Learning biophysical models of gene regulation with probability flow matching

arXiv cs.LG / 4/29/2026

💬 OpinionIdeas & Deep AnalysisModels & Research

Key Points

  • The paper proposes Probability Flow Matching (PFM), a scalable method to learn stochastic, biophysically consistent models of gene regulation from time-resolved single-cell measurements.
  • Using three hematopoiesis datasets, the authors show that achieving similar interpolation accuracy is not sufficient: only biophysically consistent formulations recover distinct, mechanism-level dynamics such as lineage transitions and fate specification.
  • The study demonstrates that PFM can handle unbalanced cell populations, allowing simultaneous inference of both proliferation and death dynamics.
  • Overall, the results position PFM as a bridge between mechanistic modeling and single-cell omics that can improve interpretability and generalization to perturbations and new conditions.

Abstract

Cellular differentiation is governed by gene regulatory networks, the high-dimensional stochastic biochemical systems that determine the transcriptional landscape and mediate cellular responses to signals and perturbations. Although single-cell RNA sequencing provides quantitative snapshots of the transcriptome, current methods for inferring gene-regulatory dynamics often lack mechanistic interpretability and fail to generalize to unseen conditions.
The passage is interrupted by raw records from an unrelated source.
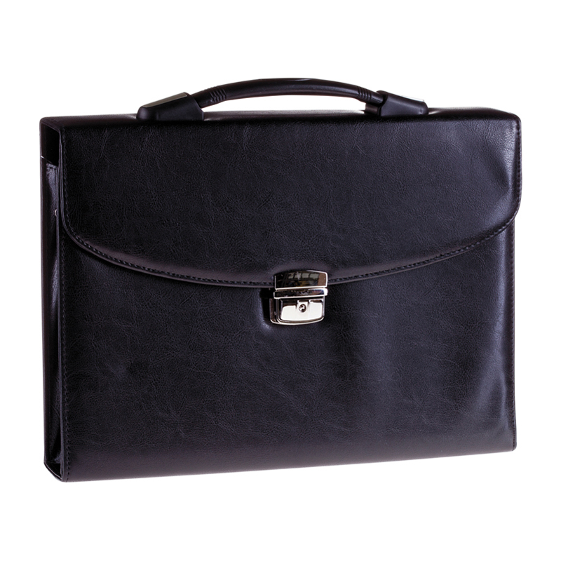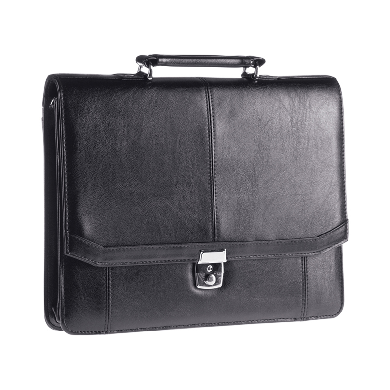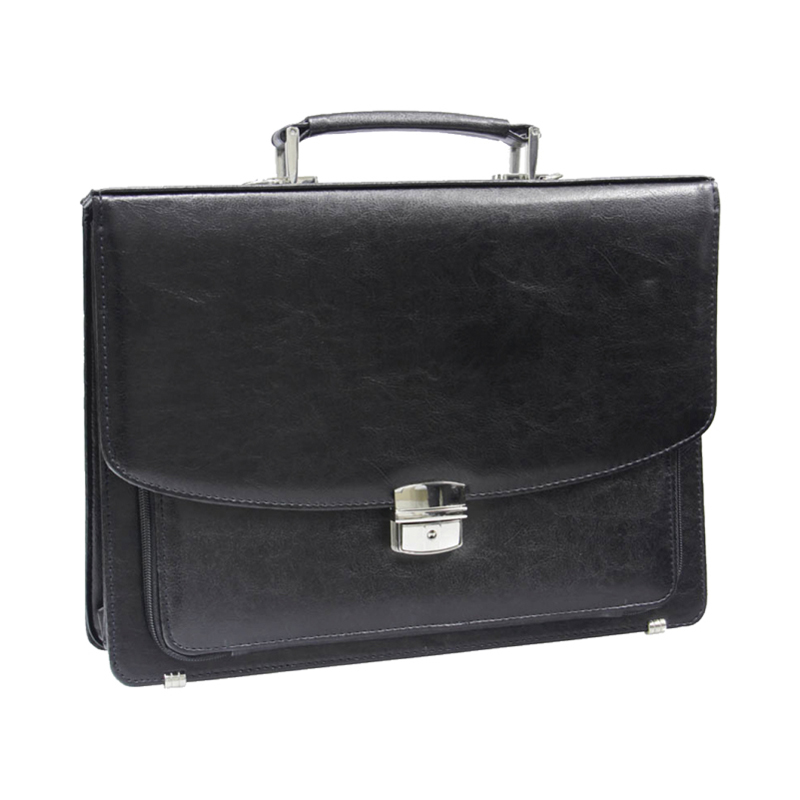 Портфель OfficeSpace "Siena", кожзам, черный, 2 отделения, метал. замок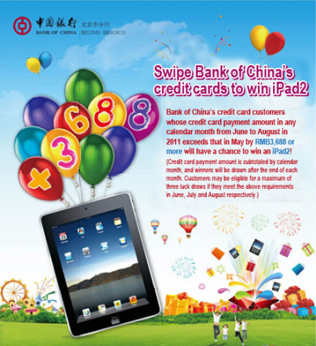 Bank of China's credit card customers whose credit card payment amount in any calendar month from June to August in 2011 exceeds that in May by RMB 3,688 or more will have a chance to win an iPad2 in the lucky draw.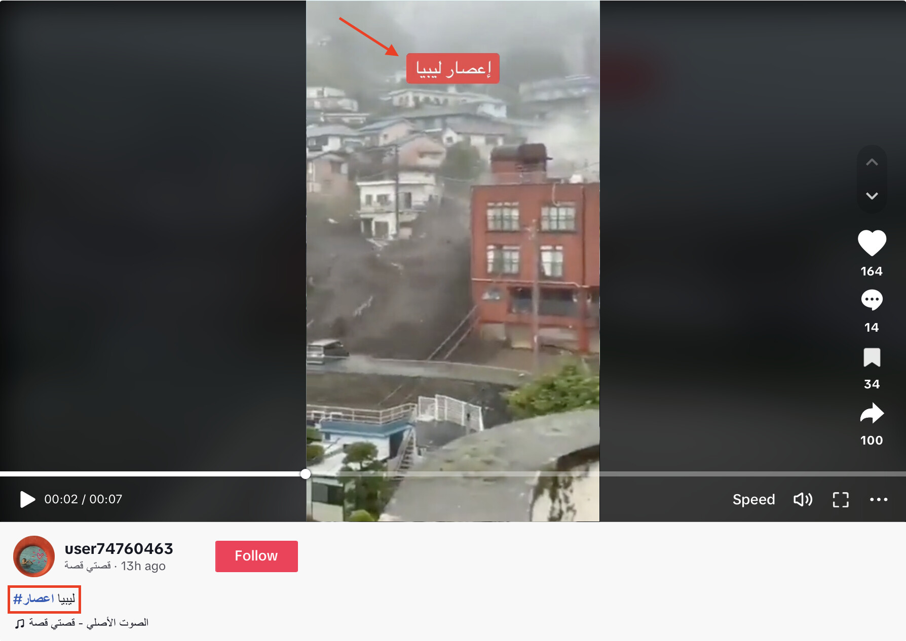 وانتشر فيديو ادّعى ناشروه على أنّه للحظة اجتياح السيول الناتجة عن إعصار دانيال في ليبيا، لوادي مدينة درنة. وتبين بالتحقق أنّه مضلّل، ونُشر في إبريل/نيسان عام 2016 على أنّه لسيول ضربت إحدى أودية السعودية حينها، بعد هطول أمطار غزيرة.

Here we introduce Probability Flow Matching (PFM), a scalable framework for learning biophysically consistent stochastic processes directly from time-resolved single-cell measurements. Applying PFM to three hematopoiesis datasets, we show that models with similar interpolation accuracy can encode fundamentally different dynamics, with only biophysically consistent formulations accurately capturing mechanisms of lineage transitions, fate specification, and gene perturbation responses. We further demonstrate that PFM accommodates unbalanced populations, enabling simultaneous inference of cellular proliferation and death dynamics. Together, these results establish PFM as a flexible, scalable framework for integrating mechanistic modeling with single-cell omics.